Garret Greenfield

No. 76, 62, 74
- Position: Offensive tackle

Personal information
- Born: September 20, 1999 (age 26) Sioux Center, Iowa, U.S.
- Listed height: 6 ft 6 in (1.98 m)
- Listed weight: 310 lb (141 kg)

Career information
- High school: Rock Valley (Rock Valley, Iowa)
- College: South Dakota State (2018–2023)
- NFL draft: 2024: undrafted

Career history
- Seattle Seahawks (2024)*; New York Giants (2024)*; Tampa Bay Buccaneers (2024)*;
- * Offseason or practice squad member only

Awards and highlights
- 2× FCS national champion (2022, 2023); 3× First-team FCS All-American (2020, 2022, 2023); 3× First-team All-MVFC (2020, 2022, 2023);
- Stats at Pro Football Reference

= Garret Greenfield =

American football player (born 1999)

Garret Greenfield (born September 20, 1999) is an American former professional football player who was an offensive tackle. He played college football for the South Dakota State Jackrabbits and was signed by the Seattle Seahawks as an undrafted free agent after the 2024 NFL draft.

==Early life==
From Rock Valley, Iowa, Greenfield attended Rock Valley High School where he played football, basketball and baseball. Playing both on the offensive line and defensive line, he was twice named the team's most valuable offensive lineman, helping them win the state championship in 2016 while being semifinalists in 2017. He committed to play college football for the South Dakota State Jackrabbits (SDSU).

==College career==
As a true freshman at South Dakota State in 2018, Greenfield appeared in three games while redshirting. The following year, he played in a total of seven games. In the spring 2021 season, postponed from 2020 due to the COVID-19 pandemic, Greenfield started all 10 games while helping South Dakota State reach their first national championship, being named a first-team All-American by several selectors.
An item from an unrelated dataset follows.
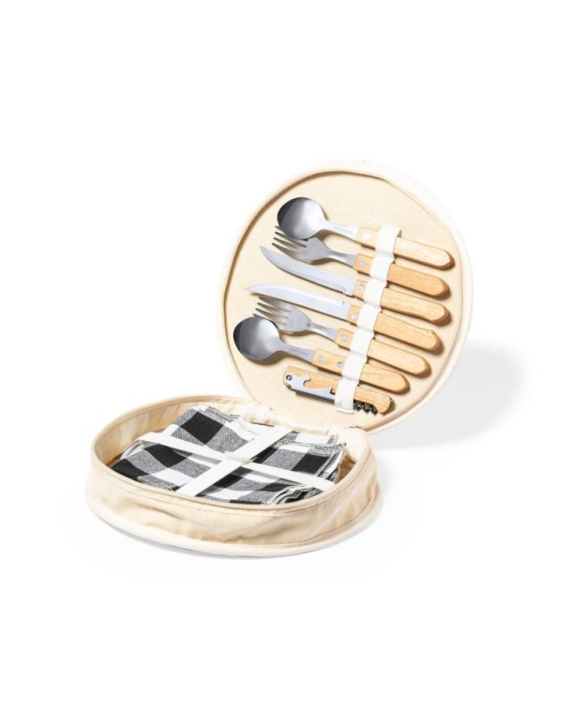 Originale set da picnic da 2 coperti. Presentato in una robusta borsa in 100% cotone con finitura naturale, chiusura a zip e maniglia per il trasporto. Interno rinforzato, con scomparti per diversi accessori. Contenuti: 2 cucchiai, 2 coltelli e 2 forchette in acciaio inox con manico in legno naturale. 2 piatti in acciaio inox di 19,5 cm di diametro. 2 tovaglioli di stoffa 30 x 30 cm. Con un design retrò a scacchiera e una combinazione di toni neri, grigi e bianchi. Cavatappi in acciaio inox con coltello integrato e manico in legno naturale. Tagliere 15 x 15 cm, in legno naturale e con manico fustellato. - Diametro: 26.5 cm - Peso: 750 gr

Greenfield started all 15 games in the fall 2021 season, mainly playing as a right tackle. He shifted to left tackle in 2022 and started all 15 games while adding the role of team captain, being named a first-team All-American while helping SDSU win their first national championship. He returned for a final season in 2023 and won another national championship while starting all 15 games, receiving another All-America selection. He declared for the 2024 NFL draft and was invited to the East–West Shrine Bowl and NFL Scouting Combine. At the combine, he posted the all-time offensive lineman record in the vertical jump.

==Professional career==

Pre-draft measurables
| Height | Weight | Arm length | Hand span | 40-yard dash | 10-yard split | 20-yard split | 20-yard shuttle | Three-cone drill | Vertical jump | Broad jump |
| 6 ft 5+3⁄4 in (1.97 m) | 311 lb (141 kg) | 33+1⁄2 in (0.85 m) | 9+3⁄4 in (0.25 m) | 5.22 s | 1.77 s | 2.98 s | 4.85 s | 7.76 s | 38.5 in (0.98 m) | 9 ft 5 in (2.87 m) |
All values from NFL Combine

===Seattle Seahawks===
Greenfield signed with the Seattle Seahawks as an undrafted free agent on May 3, 2024. He was also selected by the DC Defenders in the fourth round of the 2024 UFL draft on July 17. On August 30, Greenfield was released by the Seahawks.

===New York Giants===
On October 30, 2024, the New York Giants signed Greenfield to their practice squad. He was released on November 19.

===Tampa Bay Buccaneers===
On January 1, 2025, the Tampa Bay Buccaneers signed Greenfield to their practice squad. He signed a reserve/future contract with Tampa Bay on January 14. On July 24, Greenfield retired from professional football.